CREATE TABLE job_log_user (
    `id` int(11) NOT NULL AUTO_INCREMENT,
    `job_id` int(11) NOT NULL,
    `event` tinytext NOT NULL,
    `user_id` int(11) NOT NULL,
    `created` datetime NOT NULL,
    PRIMARY KEY (id),
    KEY job_id (job_id)
);

INSERT INTO job VALUES (1, 'Job A');
INSERT INTO job VALUES (2, 'Job B');
INSERT INTO job VALUES (3, 'Job C');
INSERT INTO job VALUES (4, 'Job D');

INSERT INTO job_log_server VALUES (1, 2, 'Job B Event 1', '127.0.0.1', '2000-01-01 00:00:01');
INSERT INTO job_log_server VALUES (2, 2, 'Job B Event 2', '127.0.0.1', '2000-01-01 00:00:02');
INSERT INTO job_log_server VALUES (3, 2, 'Job B Event 3*', '127.0.0.1', '2000-01-01 00:00:03');
INSERT INTO job_log_server VALUES (4, 3, 'Job C Event 1*', '127.0.0.1', '2000-01-01 00:00:04');

INSERT INTO job_log_user VALUES (1, 1, 'Job A Event 1', 5, '2000-01-01 00:00:01');
INSERT INTO job_log_user VALUES (2, 1, 'Job A Event 2*', 5, '2000-01-01 00:00:02');
INSERT INTO job_log_user VALUES (3, 2, 'Job B Event 1*', 5, '2000-01-01 00:00:03');
INSERT INTO job_log_user VALUES (4, 4, 'Job D Event 1', 5, '2000-01-01 00:00:04');
INSERT INTO job_log_user VALUES (5, 4, 'Job D Event 2', 5, '2000-01-01 00:00:05');
INSERT INTO job_log_user VALUES (6, 4, 'Job D Event 3*', 5, '2000-01-01 00:00:06');

One option (only returning 1 field from each table) would be to use nested sub-queries... but the ORDER BY will have to be done in separate queries to the GROUP BY (x2):

SELECT
    *
FROM
    (
        SELECT
            s2.*,
            jlu.event AS user_event
        FROM
            (
                SELECT
                    *
                FROM
                    (
                        SELECT
                            j.id,
                            j.name,
                            jls.event AS server_event
                        FROM
                            job AS j
                        LEFT JOIN
                            job_log_server AS jls ON jls.job_id = j.id
                        ORDER BY
                            jls.created DESC
                    ) AS s1
                GROUP BY
                    s1.id
            ) AS s2
        LEFT JOIN
            job_log_user AS jlu ON jlu.job_id = s2.id
        ORDER BY
            jlu.created DESC
    ) AS s3
GROUP BY
    s3.id;

Which actually seems to perform quite well... just not very easy to understand.

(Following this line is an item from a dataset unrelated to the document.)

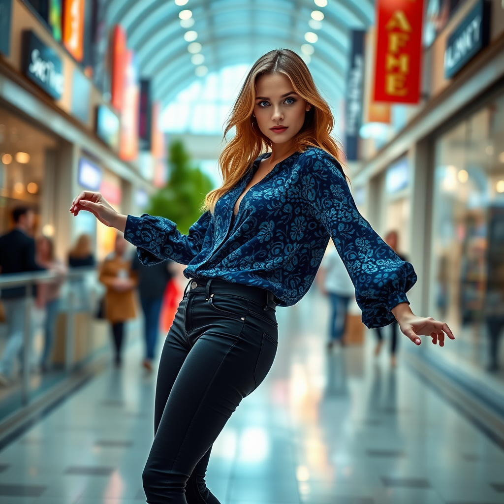 A stunning full-body portrait of a captivating model with striking blue eyes, gracefully dancing in a stylish blue batik casual blouse paired with sleek black jeans. The fashion shot exudes an editorial flair, rich in detail and showcasing a masterpiece of photographic artistry. The high-contrast imagery highlights the model’s elegance against the vibrant ambiance of a bustling indoor shopping mall. Subtle creative elements add a unique touch to the scene, enhancing the overall visual impact while maintaining the core concept.

Or you could try to return and sort the log records in two separate sub-queries:

SELECT
    j.id,
    j.name,
    jls2.event AS server_event,
    jlu2.event AS user_event
FROM
    job AS j
LEFT JOIN
    (
        SELECT
            jls.job_id,
            jls.event
        FROM
            job_log_server AS jls
        ORDER BY
            jls.created DESC
    ) AS jls2 ON jls2.job_id = j.id
LEFT JOIN
    (
        SELECT
            jlu.job_id,
            jlu.event
        FROM
            job_log_user AS jlu
        ORDER BY
            jlu.created DESC
    ) AS jlu2 ON jlu2.job_id = j.id
GROUP BY
    j.id;

But this seems to take quite a bit longer to run... possibly because of the amount of records it's adding to a temporary table, which are then mostly ignored (to keep this short-ish, I've not added any conditions to the job table, which would otherwise be only returning active jobs).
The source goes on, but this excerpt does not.